Anthropic said last week that its Claude Mythos Preview found a now-patched weak spot in OpenBSD that had gone unnoticed for 27 years, and it said the same model uncovered thousands of other high- and critical-severity flaws across open-source and closed-source software. The company says it will not release the model to the public.
Instead, Anthropic is limiting access to 40 organizations through Project Glasswing, including Microsoft, Apple, Google, CrowdStrike and JPMorgan Chase, a narrow rollout that underscores how powerful the model is said to be. That power also puts the company at the center of a growing debate over who gets access to advanced security tools and who gets left out.
David Lindner, who has worked on vulnerability discovery, said the results were not surprising from a technical standpoint. “We’ve never had a problem finding vulnerabilities. We find them every day. We actually have a pile of them that we just don’t fix,” he said, adding that Anthropic’s blog post said more than 99% of the flaws the model found have not been patched.

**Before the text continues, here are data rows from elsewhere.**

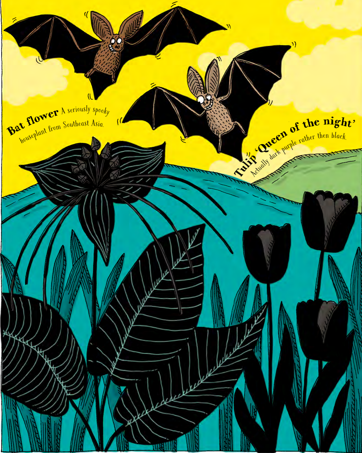
Bat flower A seriously spooky houseplant from Southeast Asia.
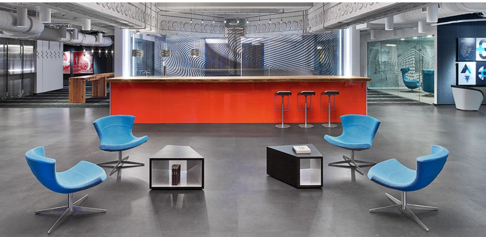
Lobby is welcoming for employees and clients alike
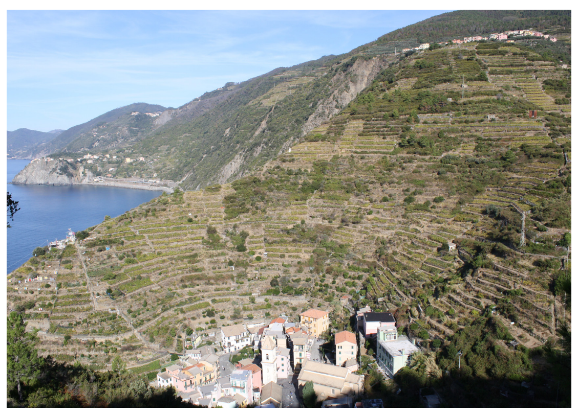
Figure 3: Terracing of Cinque Terre (Riomaggiore, Liguria). Figura 3: Terrazas en las Cinque Terre (Riomaggiore, Liguria).
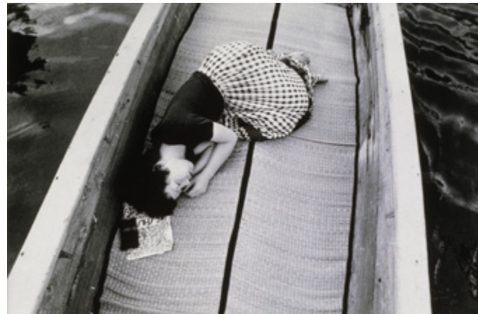
LS04 Nobuyoshi Araki from the series "Sentimental Journey", 1971 Gelatin silver print Collection MEP, Paris. Donation from Dai Nippon Printing Co., Ltd.
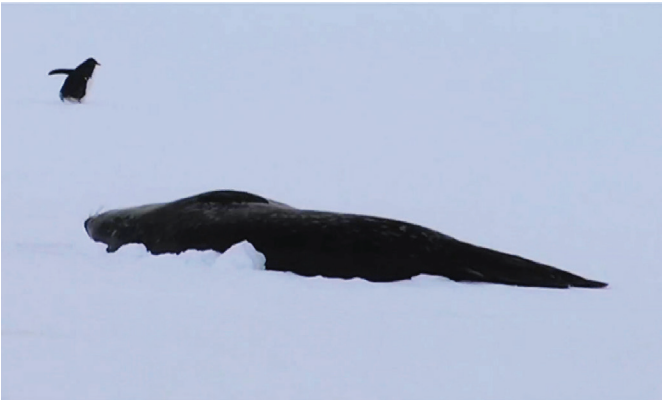
“Where To?”, Demet Taspinar (Turkey), 2009. HD Video, 6:29 min.

“Where To” explores landscapes that are on the verge between what is real and unreal. They facilitate an act of reconciling on the significance of nature as a composite that is not all in itself, solely, but within the relationship between the parts. Taspinar’s minimal and contemplative approach gives us time to think about a world that is in balance with all living beings. Her work is a hopeful reflection but also makes us aware of what is meaningful in life.
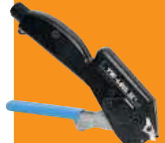
A92079 Tie-Lok II Tool Adjustable tension, forms lock, cuts off tail.
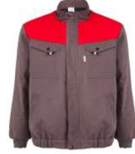
GRAY - RED

KARDELEN İS ELBİSELERİ & İSG DONANIMLARI
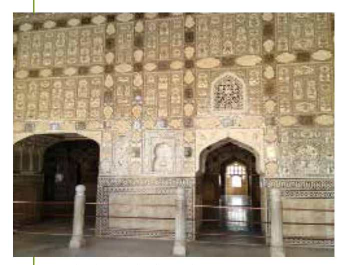
Sheesh Majal, The Amber Fort, Jaipur

were built to last. Amber Fort will never fall! My daughter buys a hanging of little elephants from a demanding girl with too-wise eyes. She then helps us across the busy road to our car, holding a sure palm to halt traffic. She is savvy and smart and I wish only for her an education and good life. But what are her prospects, a street urchin selling trinkets? I regret not buying more from her, giving her the banana she asked for. I had planned it for lunch,

He also warned that even if Anthropic keeps the system closed, others will not wait long to build something similar. “Even if they, quote unquote, don’t release it, China will have a version in five or six months, and there’ll be an open-source version within a year or two,” Lindner said.
The timing matters because Anthropic disclosed the model only last week, and this weekend The reported the company has faced frequent outages recently and has limited users’ computing supply during peak times. That report gave fresh fuel to questions raised by Marc Andreessen, who asked whether Anthropic is holding back Mythos because of security concerns or because it lacks the compute to roll it out broadly. Fortune said it was the first to report on the development of Mythos after a security lapse exposed details in a publicly accessible database.
The bigger issue is that the same tools that can expose hidden flaws can also be turned loose by people with far less technical skill than in the past. Zach Lewis put it bluntly: “Threat actors don’t even need to know about—they don’t need to have a background in—coding or software design to understand how these systems work. They can deploy an agent that can do it for them,” he said. For now, Anthropic is betting that a tightly controlled release through Project Glasswing can improve security without widening the danger. The unanswered question is not whether the model can find weaknesses. It already has. The question is whether anyone can keep that kind of capability contained once competitors and attackers catch up.